Many swap-site execs insist they looked before they leaped into the market. They claim they decided on their own that consumer barter on the Web was the next evolution of the Net-auction model. Indeed, a 1999 Goldman, Sachs & Co. study predicted the consumer-to-consumer online-trading market would increase to $3.8 billion in 2001, from a modest $100 million in 1997.
While no one doubts that Americans have billions of dollars worth of stuff they no longer want, the business plans of these swap companies focus on the potential, not the actual. And few reliable economic numbers are available. For example, SwitcHouse's Lin cites an analyst's estimate that the typical American household has 109 CDs, implying a total of 15 billion nationwide. "That's 15 billion items of currency that someone would otherwise have to pay cash for," says Lin. But that doesn't factor in the large percentage of consumers who want to hang on to the CDs they own.
Most important, the swap sites have so far largely failed to create a sense of community. That makes for easy entry by other upstarts and giants like portal Yahoo!, which could very well decide to take a run at the consumer-swap market.
SMALL TICKET.
The swap companies argue that's unlikely because their technology is not easy or cheap to replicate. "You always have that threat [of competition]. Our big advantage at this point is we have some patent-pending technology behind our matching-and-negotiation engine that allows our site to work very efficiently," says David Berglass, executive vice-president for marketing at WebSwap.com.
Barter sites do appear to be doing well in the trade of CDs, videogames, and other small-ticket items that are favorites of teens. These goods have generally traded poorly on eBay, partly because the supply is relatively abundant and they have little sex appeal to high-end buyers.
A nice niche, but hardly a lucrative one. A problem looming larger is that almost everything traded on the barter sites right now -- CDs, books, games -- is in danger of being digitized and transportable across the Net.
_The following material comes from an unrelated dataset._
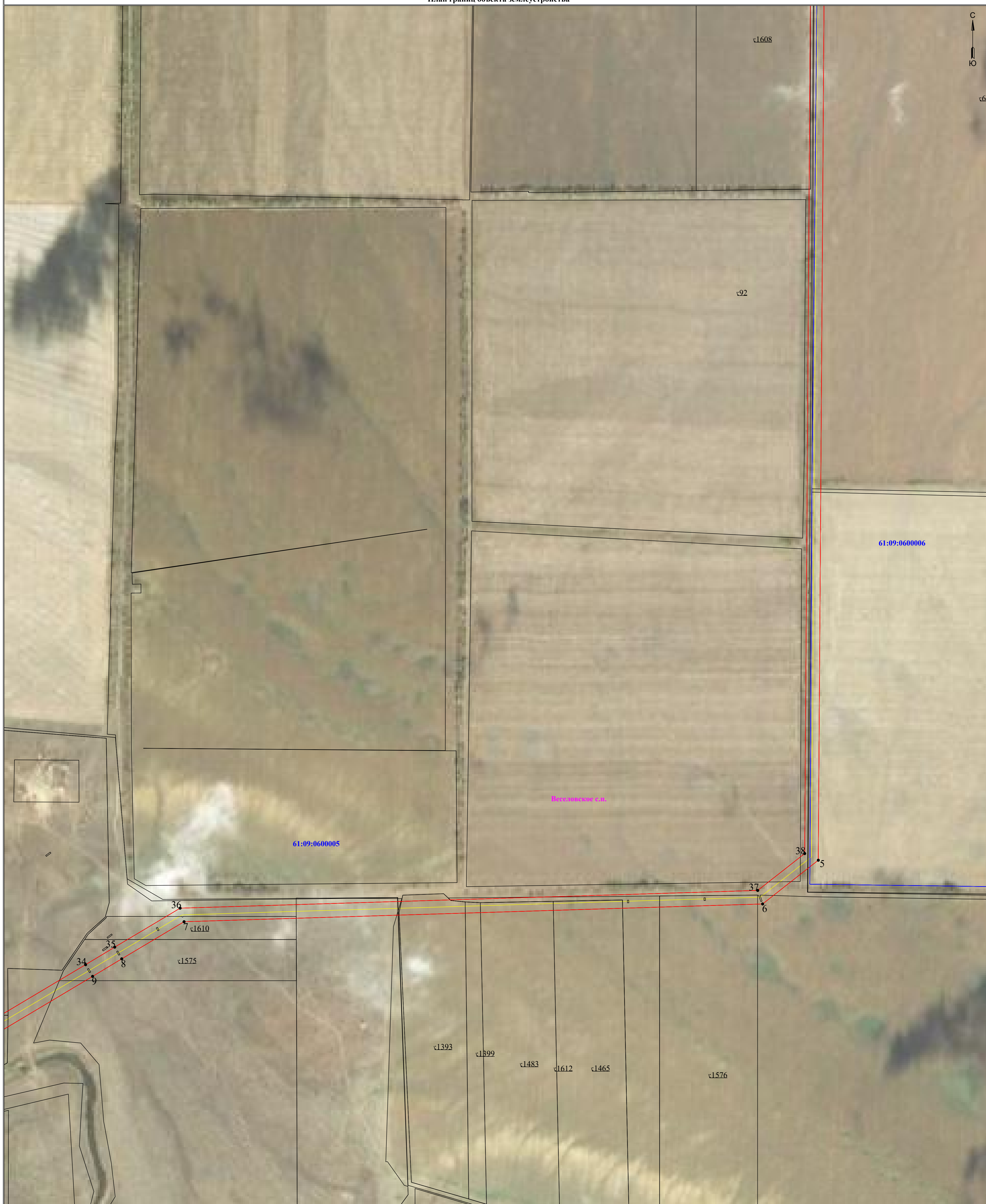
Схема расположения границ публичного сервитута для размещения объекта В.Л 110 кВ "Дружба -Дубовская" к ПС 110/35/10 кВ "Дубовская" (наименование объекта землеустройства) План границ объекта землеустройства

That's doesn't bother Lin. "From our standpoint, when things are digitized, our costs become less," he says. "We would still serve as the swap point, but it would be a digital swap, not the shipping of CDs to customers." That would mean negotiating a huge set of agreements with recording-industry companies based on a technology that doesn't yet exist.
BLOOD FROM A STONE.
Most analysts following the swap-site industry concede that when the dust settles, only one or two companies will be left. The best positioned: WebSwap, which drew 1.2 million unique visitors last month according to PC Data, and SwitcHouse, which boasts the largest aggregation of listings, at over 400,000 -- a number it projects will grow to 1 million in the next few months. SwitcHouse also claims its listings are growing at a weekly rate of 40%.
But if the vast majority of customer transactions bring the sites a dollar or less, that would mean Lin and his company would need to bag tens of millions of swaps just to get to the point of showing earnings potential. "They are targeting a community that doesn't want to trade money online. It's tough to squeeze blood from a stone," says Gomez Advisors analyst Alan Alper.
Against those odds, Swap.com company officials say they're reevaluating their business strategy, but they decline to discuss the situation in detail. They're likely not alone.